RECORDS FOR PROCESSING:
# # #

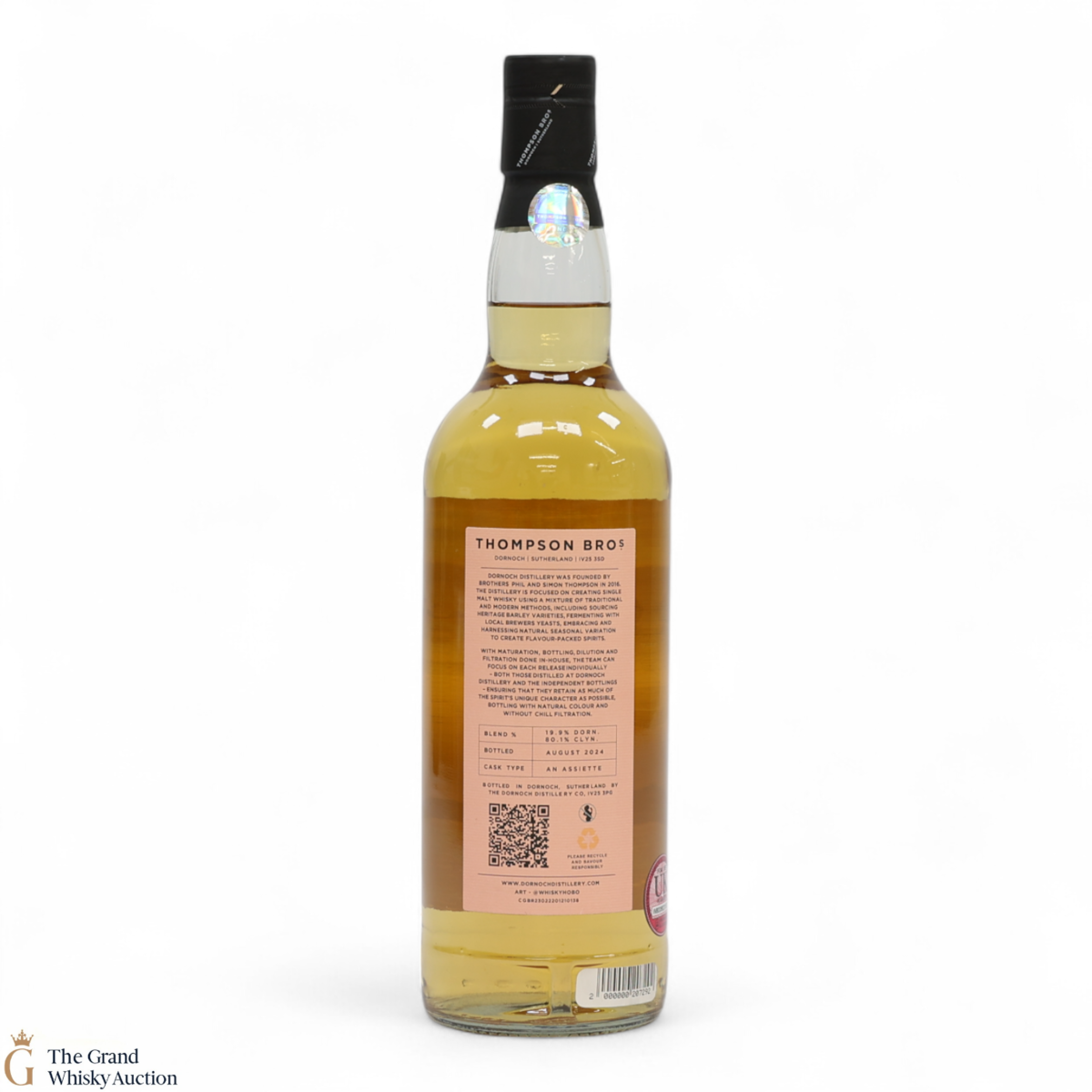 This blended malt whisky contains 80.1.% whisky from Clynelish and 19.9% from Dornoch distillery. It was bottled 6 years later in August 2024 by Thompson Brothers for the 2024 Whisky Show in London.
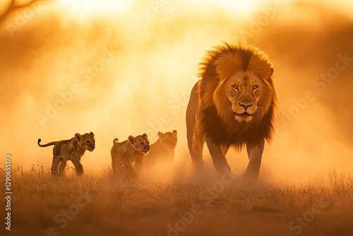 lion, sunset, strength, wildlife, family, gold, nature, playful, dust, safari, majestic, harmony, animal, pride, landscape, adventure, beauty, ferocity, scene, exploration, earth, creature, savanna, wilderness, freedom, power, journey, silhouette, warmth, oneness, natural, environment, dusk, grass-land, bond, captivating, fierce, calmness, roaring, enchanting, wild
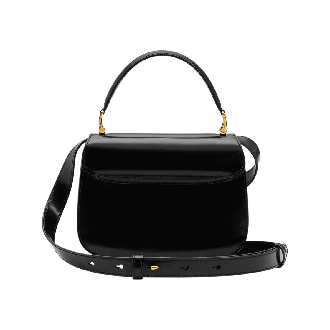 AMI de Coeur Glazed Leather Paris Top Handle Bag Black Gold
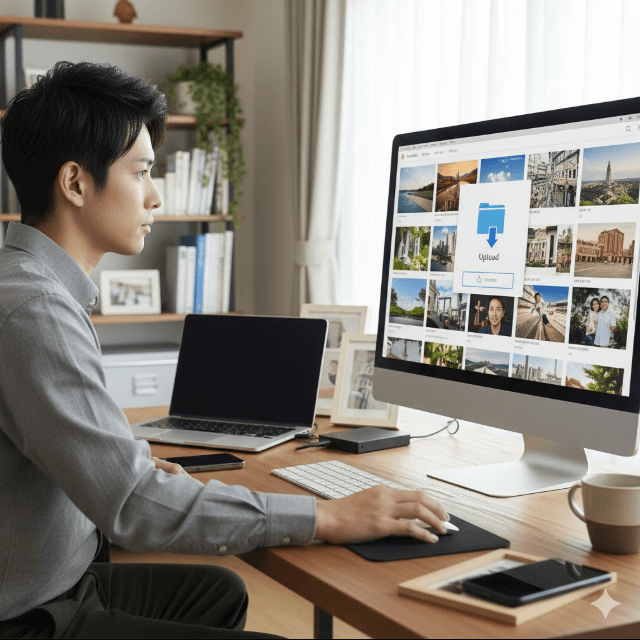 すでにパソコンのハードディスクに大量の写真を保存している場合でも、Amazonフォトにバックアップすることが可能です。主な方法は2つあります。
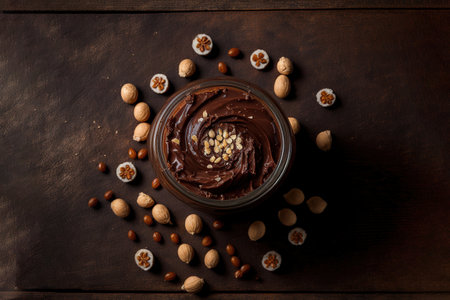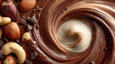 A captivating swirl of rich chocolate mixed with cream, surrounded by assorted nuts and chocolate chips, perfect for dessert ideas or culinary inspiration.
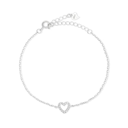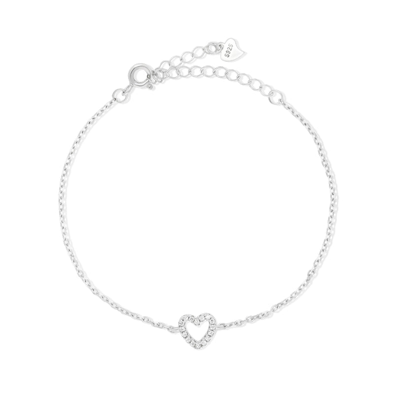 צמיד כסף לב חלול משובץ זרקון | תכשיט יומיומי אלגנטי

# # #

DIRECTIONS FOR THIS TASK: Where an entry holds an image, drop the image and copy the remaining text exactly.

ANSWER TO THE PROBLEM:
 This blended malt whisky contains 80.1.% whisky from Clynelish and 19.9% from Dornoch distillery. It was bottled 6 years later in August 2024 by Thompson Brothers for the 2024 Whisky Show in London.
 lion, sunset, strength, wildlife, family, gold, nature, playful, dust, safari, majestic, harmony, animal, pride, landscape, adventure, beauty, ferocity, scene, exploration, earth, creature, savanna, wilderness, freedom, power, journey, silhouette, warmth, oneness, natural, environment, dusk, grass-land, bond, captivating, fierce, calmness, roaring, enchanting, wild
 AMI de Coeur Glazed Leather Paris Top Handle Bag Black Gold
 すでにパソコンのハードディスクに大量の写真を保存している場合でも、Amazonフォトにバックアップすることが可能です。主な方法は2つあります。
 A captivating swirl of rich chocolate mixed with cream, surrounded by assorted nuts and chocolate chips, perfect for dessert ideas or culinary inspiration.
 צמיד כסף לב חלול משובץ זרקון | תכשיט יומיומי אלגנטי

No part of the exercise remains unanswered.